I imagine those Massachusetts lawmakers just spilled words onto the page and were satisfied if they formed lines that looked like sentences. Right now, businesses don’t know what to put in their Massachusetts noncompetes or whether they will be enforceable. Businesses don’t know whether they should hire smart people or whether it is smart not to hire people.
The Legal Terrain
Because of the proliferation of all of these press release laws, you now live in a state that falls into one of three noncompete categories:
- Prohibition States: Certain states, such as California, prohibit noncompete agreements altogether.
- Regulation States: These states limit the duration and geographic scope of noncompete restrictions, impose other requirements and prohibit them altogether in some situations. Idaho and Utah joined Massachusetts in recently regulating noncompete agreements—in favor of employees. On the other hand, Florida has extensive regulations that, overall, favor employers and put a lot of teeth into the enforcement of noncompete agreements.
- Chaos States: These states impose rules that change from moment to moment, person to person and company to company. In one court, the judge follows one rule and in another court, the judge sees it differently. If you saunter down the block, you may be under a different set of rules. Yikes! Sorta makes it hard for anyone to plan—or comply.
The Law of Unintended Consequences
On top of all the other problems, lawmakers are creating unintended harm. The prevailing trend is to ban or limit noncompetes—with the expectation that this helps the little guy and gal. Not so fast there, the Honorable I-Didn’t-Think-That-Through!
Employees, businesses and society all benefit from r-e-a-s-o-n-a-b-l-e noncompete agreements. Just like a patent provides an incentive for research and innovation, a reasonable noncompete encourages employers to invest in employees. With the right noncompete agreement, employers will share their secrets with employees, they’ll spend time and money training employees and they’ll let employees develop relationships with valued customers. None of that is going to happen if employers believe they’re incubators for the next generation of competitors.
But because politicians do what they do, businesses need to effectively cope. Here’s how:
- Understand the rules: If you employ people in more than one state, you need to know the checkerboard of rules you face across the country. The differences are striking. Usually, you need to comply with the law where each employee works, regardless of where your business is headquartered.
- Don’t create a one-size-fits-all agreement: Impose noncompetes on employees only where appropriate. Then tailor them to fit the situation. Courts are much more likely to enforce an agreement that is truly needed to protect a company. Plus, a noncompete that is not overly burdensome is much more likely to be honored by the employee, rather than challenged in court.

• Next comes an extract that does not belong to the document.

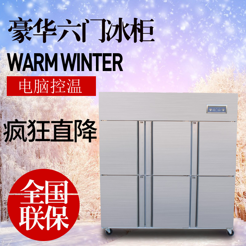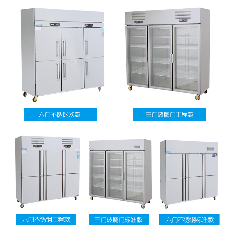 Commercial four-door refrigerator refrigerated and frozen double-temperature fresh-keeping cabinet vertical six-door freezer all-steel kitchen display freezer
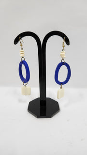 ACRYLIC & BONE BEAD COBALT & NATURAL COLOR EARRINGS

- Hire somewhere else: You may have more freedom to protect your business elsewhere. Go and do business in a state with smarter laws. I call it “geo-legal arbitrage.”
- Earn the noncompete: Provide the training, development and customer contact that justifies the noncompete in the first place. It makes your noncompete more enforceable. And it’s the right thing to do.
Staying in business shouldn’t feel like eating bugs on a reality show. You already have enough challenges from the competition, the economy and your customers. But, lawmakers keep passing crazy new employment laws. Master the rules if you want to be a Survivor.